Aniline leather has minimal or no coating applied, leaving the surface in a more natural condition. It is very soft to touch and can be the most expensive, as it typifies the natural uniqueness that leather can offer.
- Leather is a natural product and has its own characteristics, style and durability. No two hides are the same and bear the marks of their origin. These are features which enhance the appeal and character of the furniture. Markings may include scars, veining, growth lines, insect bites; these are not faults, but features.
- Careful vacuuming with a soft brush will keep the pores free of dust and grime particles. An occasional wipe over with a slightly damp, clean cloth is also beneficial. Do not use detergent, spirit cleaners or furniture polish on your leather furniture.
- Do not allow body oils, perspiration or hair products to settle into the grain of the leather, as these will gradually break down the finish.
- Medication. Particular care should be taken if taking certain medications.
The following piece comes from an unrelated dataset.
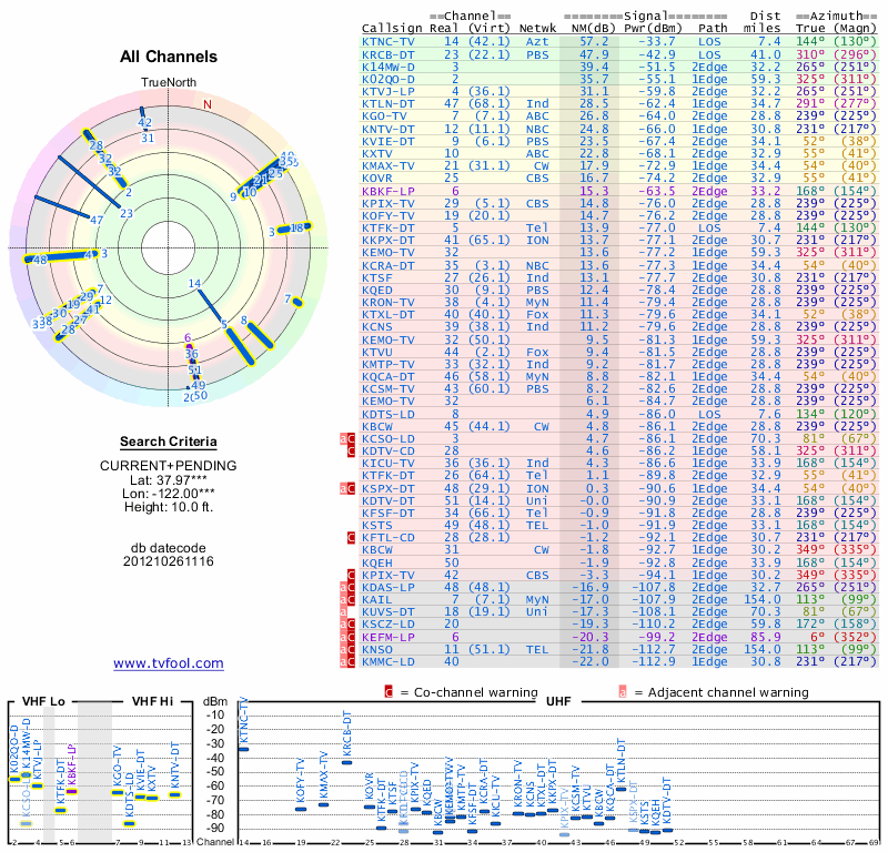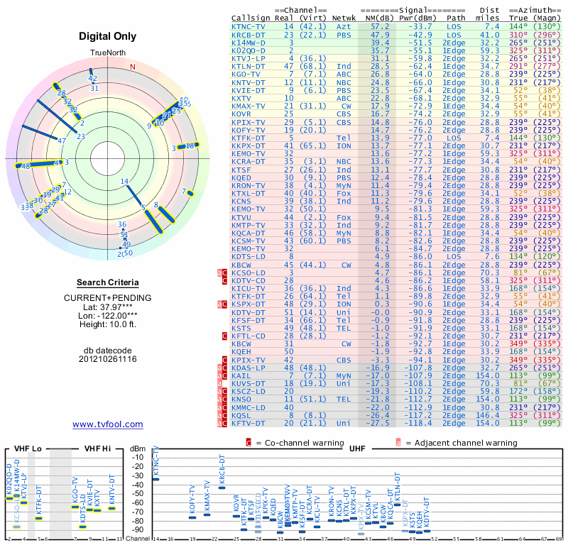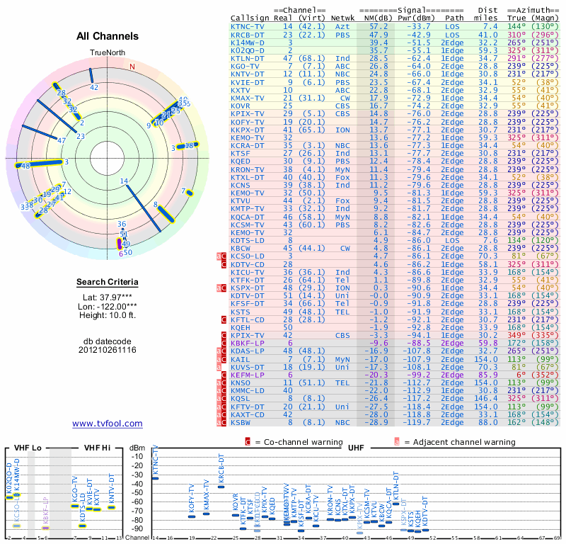 Here are the results for your location. The transmitter database was last updated on June 7, 2013. For more information about these plots and how to interpret them, please check out the Signal Analysis FAQ.
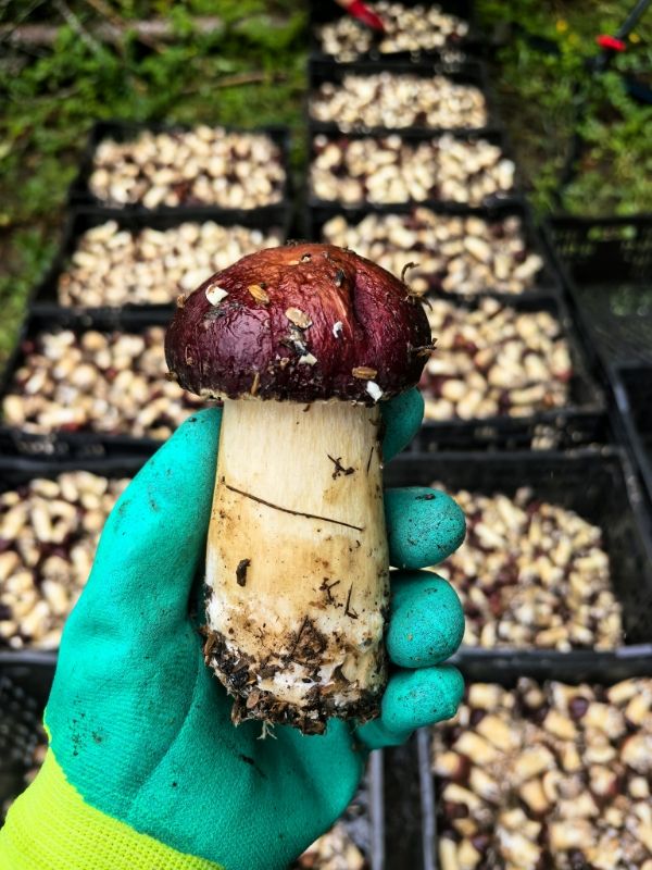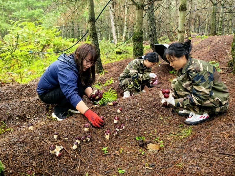 赤松茸又名大球盖菇,是一种珍稀食用菌,成品鲜菇色泽艳丽、食味清香、营养丰富,享有“素中之荤”“菌中之王”的美誉。“赤松茸的最佳生长温度是8—20℃,这里非常适合,松林挡大风又通风,氧气充足,菌丝生长旺盛;而树林中的散射光,可以很好地满足赤松茸对光的需求;加之林下环境比较稳定,略微潮湿,长出来的菌菇品质就非常好。像这种,搭配点酱油和芥末就可以直接生吃,味道很鲜美。”李孟芩笑着介绍道。

Residues can be excreted in perspiration and possibly cause irreversible damage to the surface of the leather.
- Under no circumstance attempt to remove any marks or stains by rubbing the leather, as this can remove the surface colour. Always consult a leather cleaning specialist.
- Never use saddle soap, wax or spray polish which may cause irreversible damage.
- After cleaning, a neutral leather cream may be used to restore the original sheen, such as Guardsman Leather Products.
- Too frequent or over-enthusiastic cleaning or application of leather cream may wear away the upper, darker coat of antique leather to reveal more of the lighter base coat.
- Avoid sharp objects such as belts, buckles, studs and zips scratching the surface of the leather. Protect leather from direct sunlight and refrain from drying out the leather by keeping it away from radiators and open fires if possible.
- Leather will stretch and show natural creases with use. Aniline and semi aniline leathers will absorb liquids, natural oils and mark more easily, compared to corrected grain.